Qinetic North America Operations (“Buyer”) acquired Cyveillance, Inc. (“Seller”) for $40M. The merger agreement included an earn out provision that said that if certain revenue targets were achieved, Seller may receive up to an additional $40M. The key language from the earn out provision reads as follows: Buyer was prohibited from “taking any action to divert or defer revenue with the intent of reducing or limiting the Earn Out Payment” (“Earn Out Provision”).
Not surprisingly, revenue targets weren’t reached and earn out payments weren’t made.
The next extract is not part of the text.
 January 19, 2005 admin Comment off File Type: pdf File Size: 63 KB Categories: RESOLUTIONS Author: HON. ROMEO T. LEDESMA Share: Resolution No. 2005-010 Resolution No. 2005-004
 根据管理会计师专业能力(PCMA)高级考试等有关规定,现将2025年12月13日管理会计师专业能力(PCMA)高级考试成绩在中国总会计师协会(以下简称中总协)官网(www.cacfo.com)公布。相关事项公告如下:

Lazard as the seller’s representative brought suit against the Buyer alleging (1) breach of the Earn Out Provision and (2) violation of the covenant of good faith and fair dealing by Buyer for failing to take certain actions that Seller believed would have resulted in the revenue target being reached.
Delaware Supreme Court affirmed the Court of Chancery’s decision in favor of Buyer, finding that (1) there was no proof that Buyer intended to avoid the earn out and (2) the implied covenant of good faith and fair dealing couldn’t be relied on because “there was no gap to be filled”, i.e. the Earn Out Provision was clear on the obligations of Buyer. Both courts took a 4 corners approach to the merger agreement and found that there was no violation.
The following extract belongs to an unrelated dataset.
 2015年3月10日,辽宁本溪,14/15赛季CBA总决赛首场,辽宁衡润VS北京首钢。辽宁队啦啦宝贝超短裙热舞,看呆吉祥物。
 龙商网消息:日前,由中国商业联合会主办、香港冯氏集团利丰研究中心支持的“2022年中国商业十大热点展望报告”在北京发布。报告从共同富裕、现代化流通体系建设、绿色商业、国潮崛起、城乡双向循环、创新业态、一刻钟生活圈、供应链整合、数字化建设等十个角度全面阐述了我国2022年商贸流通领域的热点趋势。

Practice Tips for Drafting Earn-Outs
The Lazard Qinetic case yields good practice tips for drafting earn-outs that attorneys representing either buyer or seller can apply.
In representing the buyer attorneys should either (a) disclaim any implied duty of good faith and fair dealing or (b) make very clear in the earn out provision of the merger agreement what the express post-closing obligation of Buyer is, including the standard to be used. In this case, the Earn Out Provision was clear that it was an intent based standard. What helped in this case was that there was a track record during negotiation that Buyer rejected all attempts by Seller to include more stringent post closing covenant (ex: act in good faith to maintain level of business, preserve customer relationships, etc.). Seller agreed to not include these provisions so the court wasn’t going to second guess the final merger agreement.
In representing the seller attorneys should (a) seek an express good faith obligation to maximize the earn out and (b) be weary of using an intent standard in a post closing affirmative covenant.
In general, I think another good practice tip is to not assume that the implied covenant of good faith and fair dealing will help to expand a party’s obligations in a dispute involving earn-outs. Attorneys should draft the merger agreement to very clearly lay out each party’s obligations.